WHAT IS EXPECTED:
In the records below, find the line with "длина бетонные плиты" and repeat exactly every line from it through the line with "0命流浪者,0命夜兰,0命神". Pictures stay out.

RECORDED DATA:
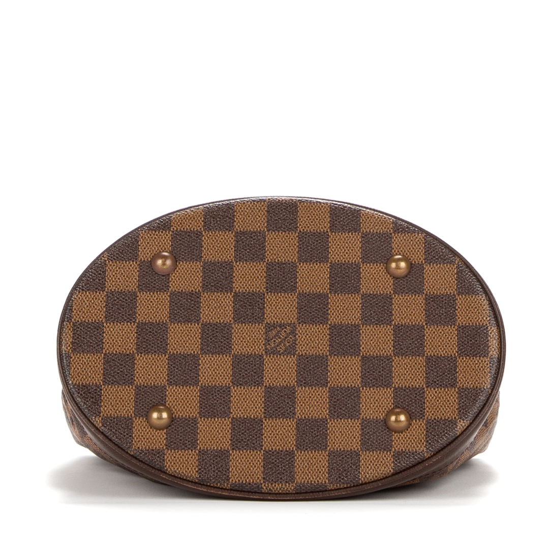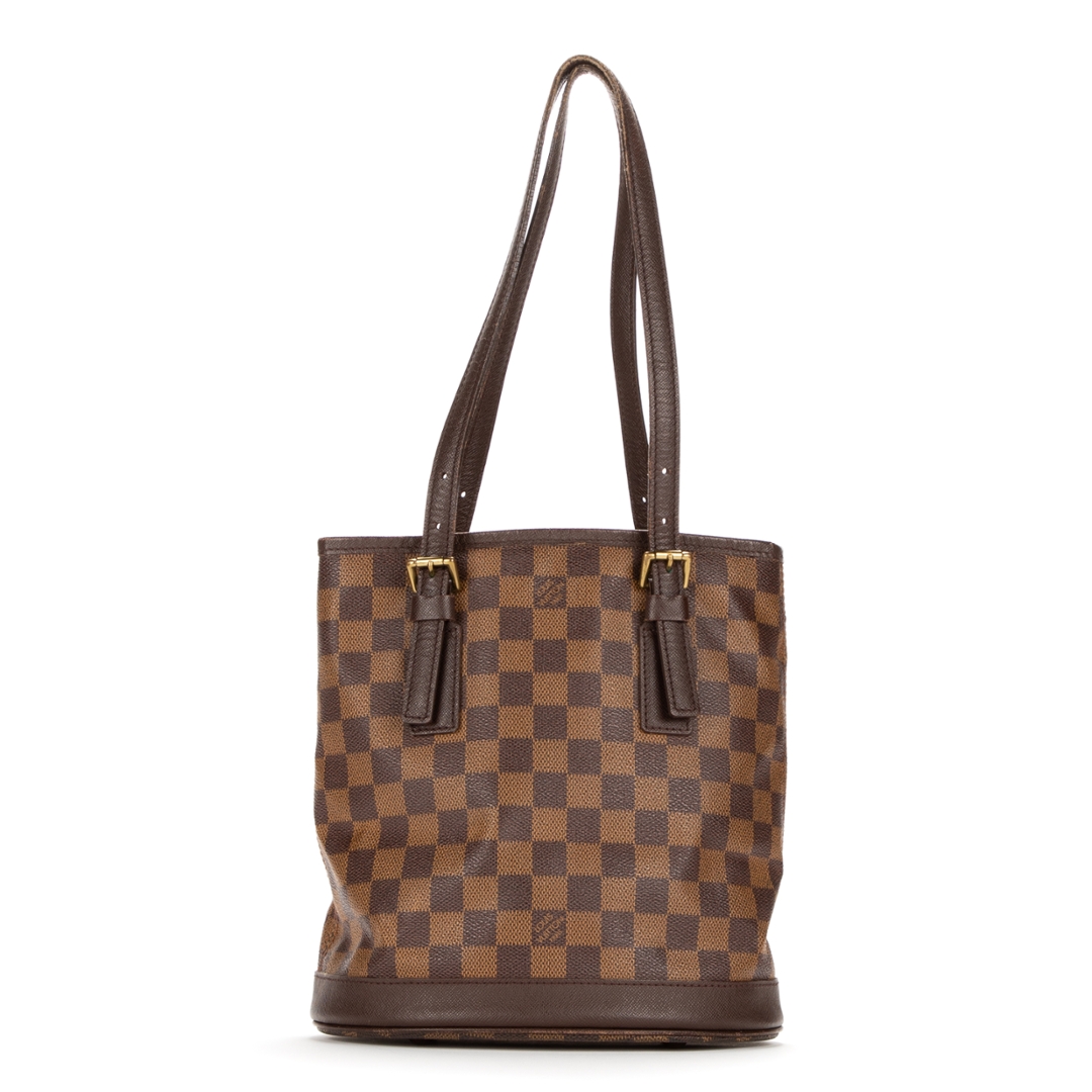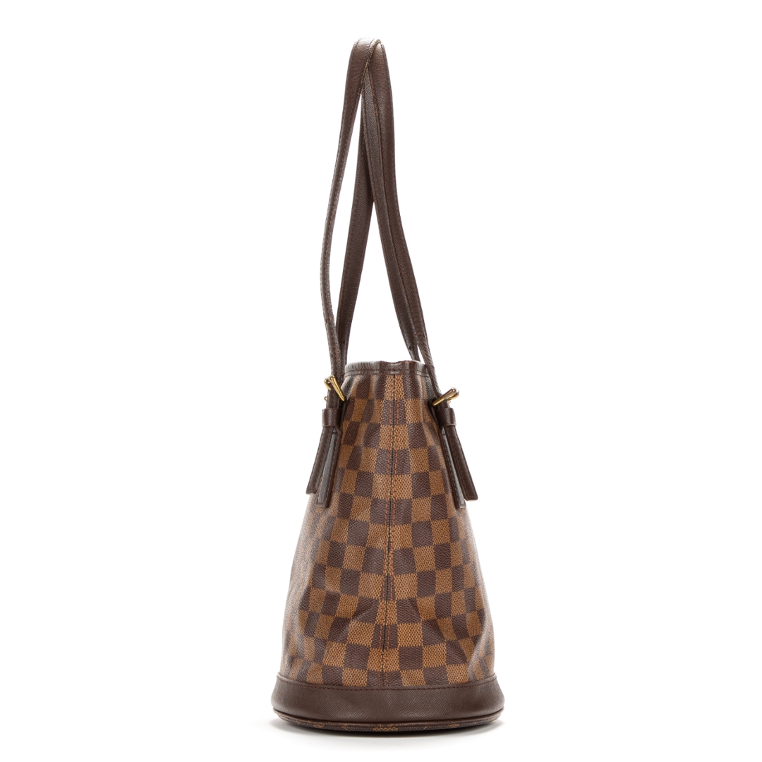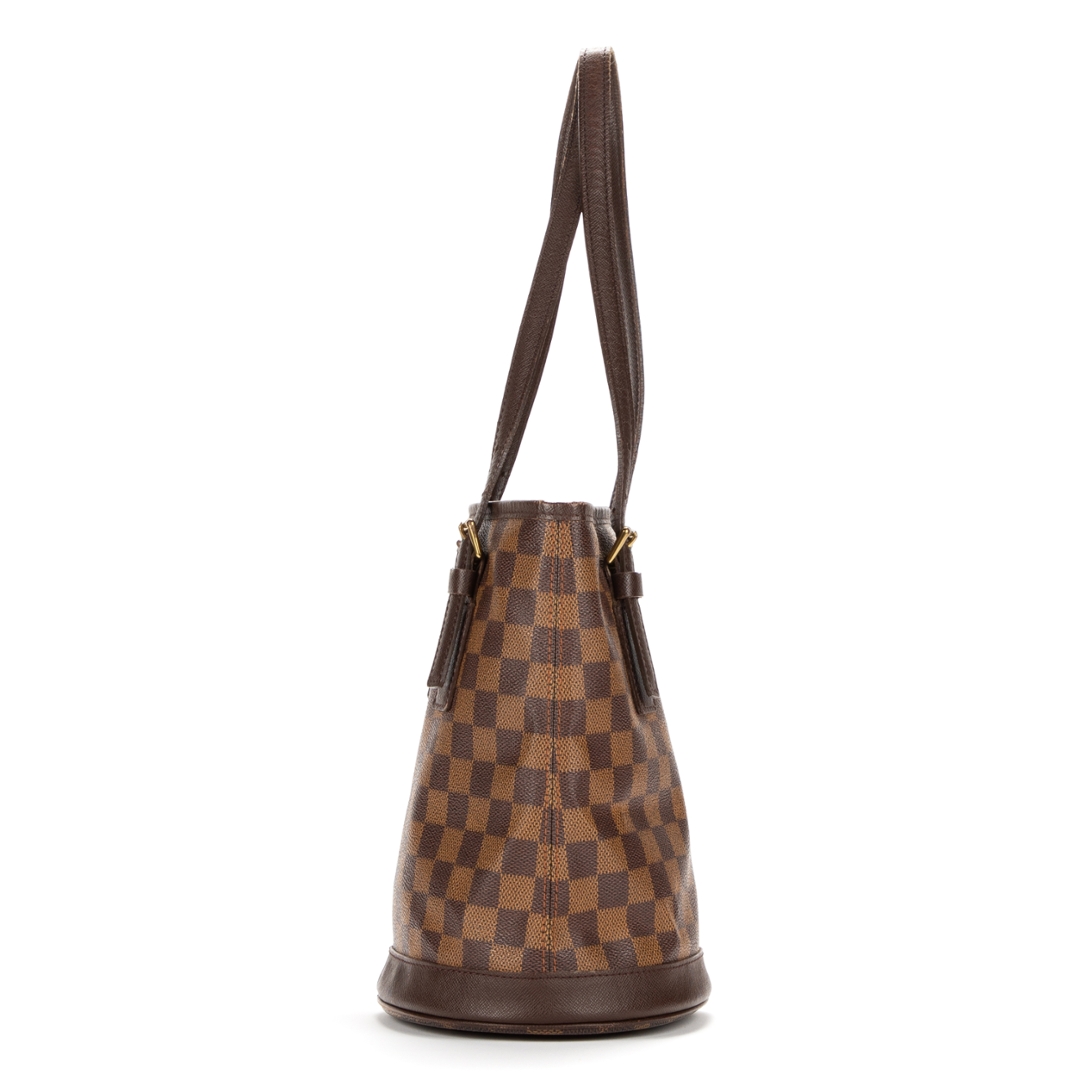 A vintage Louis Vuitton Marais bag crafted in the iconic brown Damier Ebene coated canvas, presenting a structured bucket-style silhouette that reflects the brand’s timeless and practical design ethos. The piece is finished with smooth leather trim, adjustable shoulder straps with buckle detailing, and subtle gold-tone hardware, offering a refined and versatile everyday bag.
...
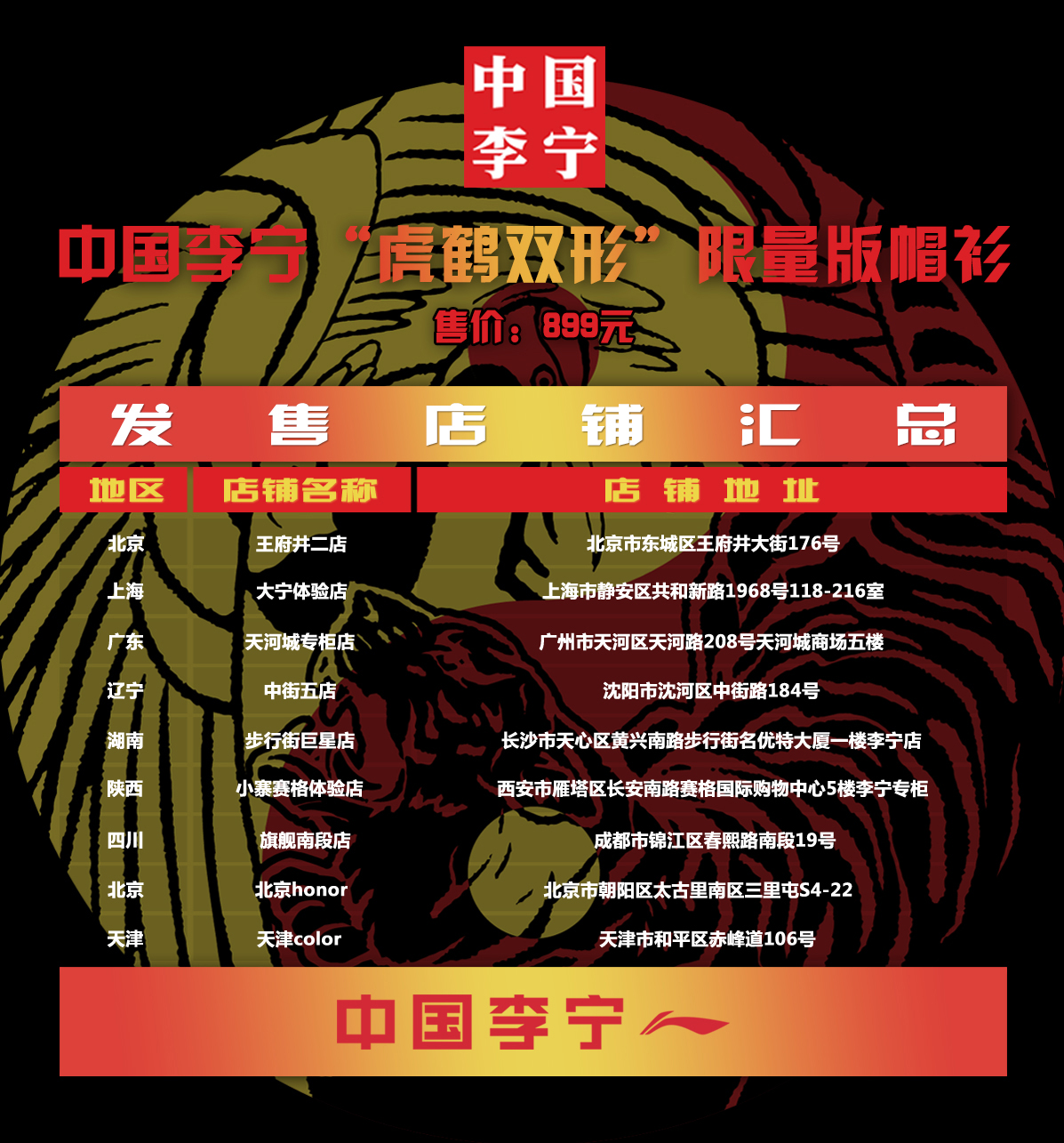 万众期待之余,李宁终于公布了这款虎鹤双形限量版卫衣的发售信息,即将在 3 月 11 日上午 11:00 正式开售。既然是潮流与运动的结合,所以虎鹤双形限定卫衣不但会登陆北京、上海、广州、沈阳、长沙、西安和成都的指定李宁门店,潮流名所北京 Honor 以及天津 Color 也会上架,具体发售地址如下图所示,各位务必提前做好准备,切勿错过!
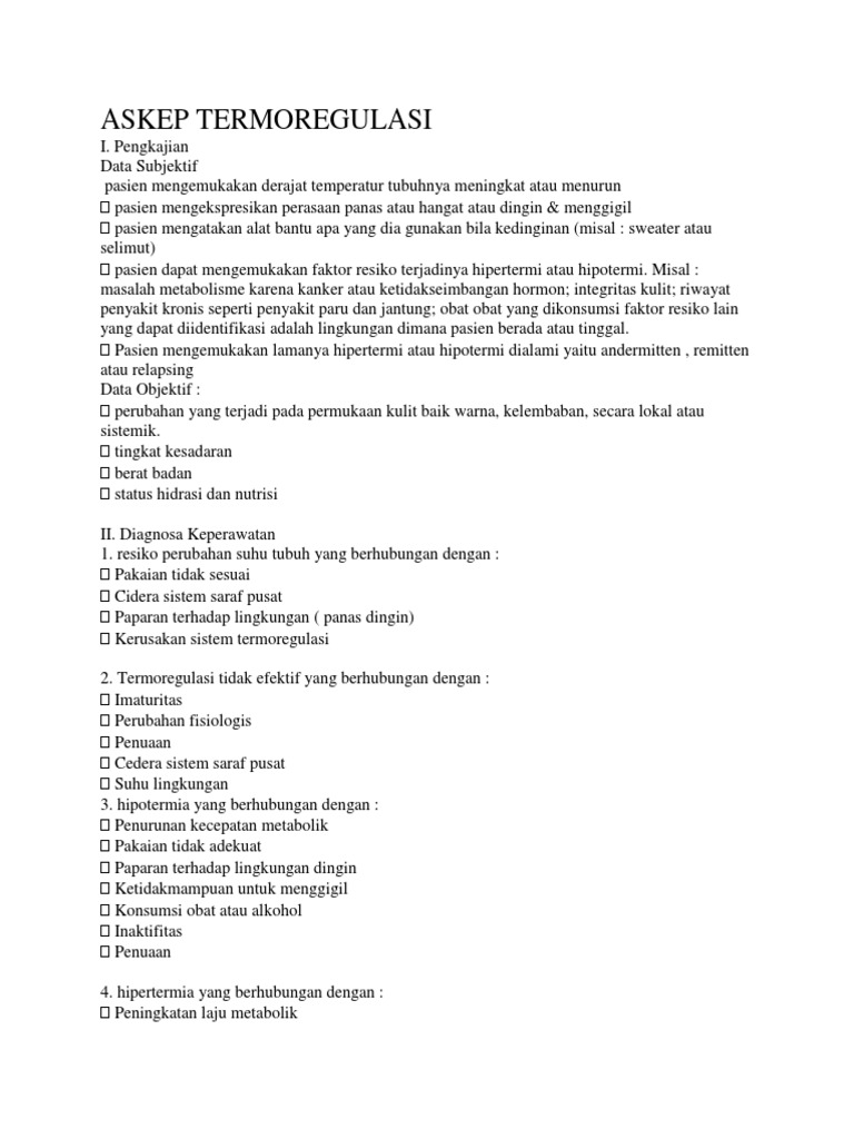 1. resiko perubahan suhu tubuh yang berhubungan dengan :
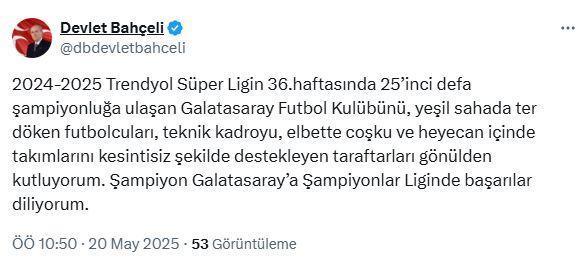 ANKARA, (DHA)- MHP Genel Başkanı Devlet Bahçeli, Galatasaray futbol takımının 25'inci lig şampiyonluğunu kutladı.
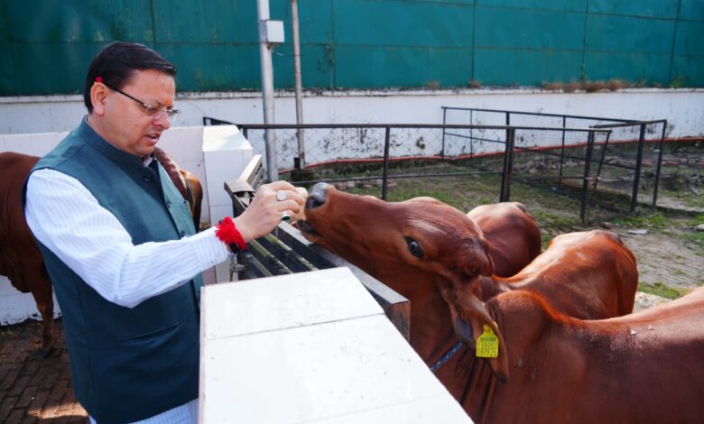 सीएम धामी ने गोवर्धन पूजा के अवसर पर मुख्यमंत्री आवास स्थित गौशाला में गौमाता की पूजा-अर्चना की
--
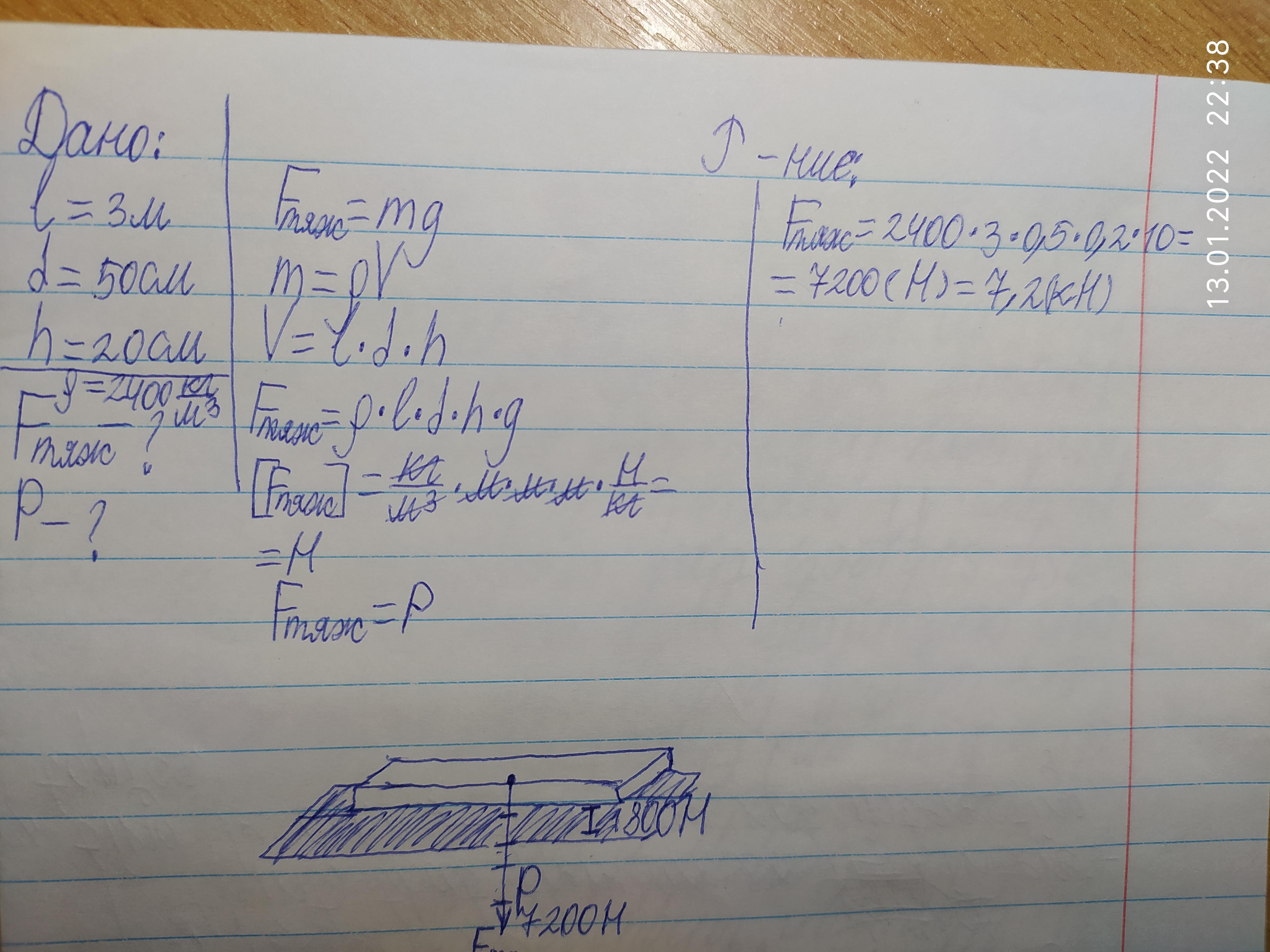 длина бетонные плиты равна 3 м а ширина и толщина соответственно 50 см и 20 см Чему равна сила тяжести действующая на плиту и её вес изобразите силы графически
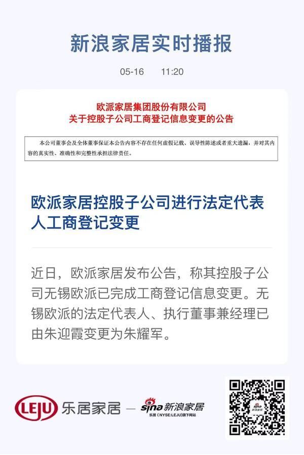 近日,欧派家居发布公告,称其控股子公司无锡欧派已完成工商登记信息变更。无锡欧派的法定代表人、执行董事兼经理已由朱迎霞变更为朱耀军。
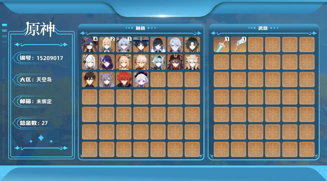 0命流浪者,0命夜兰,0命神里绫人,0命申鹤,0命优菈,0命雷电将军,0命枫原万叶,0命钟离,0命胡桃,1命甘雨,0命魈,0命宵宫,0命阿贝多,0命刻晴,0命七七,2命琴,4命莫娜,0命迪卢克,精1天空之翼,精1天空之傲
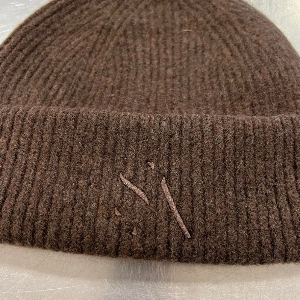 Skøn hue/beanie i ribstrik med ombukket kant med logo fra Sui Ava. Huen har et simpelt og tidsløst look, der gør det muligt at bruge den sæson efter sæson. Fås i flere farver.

ANSWER:
 длина бетонные плиты равна 3 м а ширина и толщина соответственно 50 см и 20 см Чему равна сила тяжести действующая на плиту и её вес изобразите силы графически
 近日,欧派家居发布公告,称其控股子公司无锡欧派已完成工商登记信息变更。无锡欧派的法定代表人、执行董事兼经理已由朱迎霞变更为朱耀军。
 0命流浪者,0命夜兰,0命神里绫人,0命申鹤,0命优菈,0命雷电将军,0命枫原万叶,0命钟离,0命胡桃,1命甘雨,0命魈,0命宵宫,0命阿贝多,0命刻晴,0命七七,2命琴,4命莫娜,0命迪卢克,精1天空之翼,精1天空之傲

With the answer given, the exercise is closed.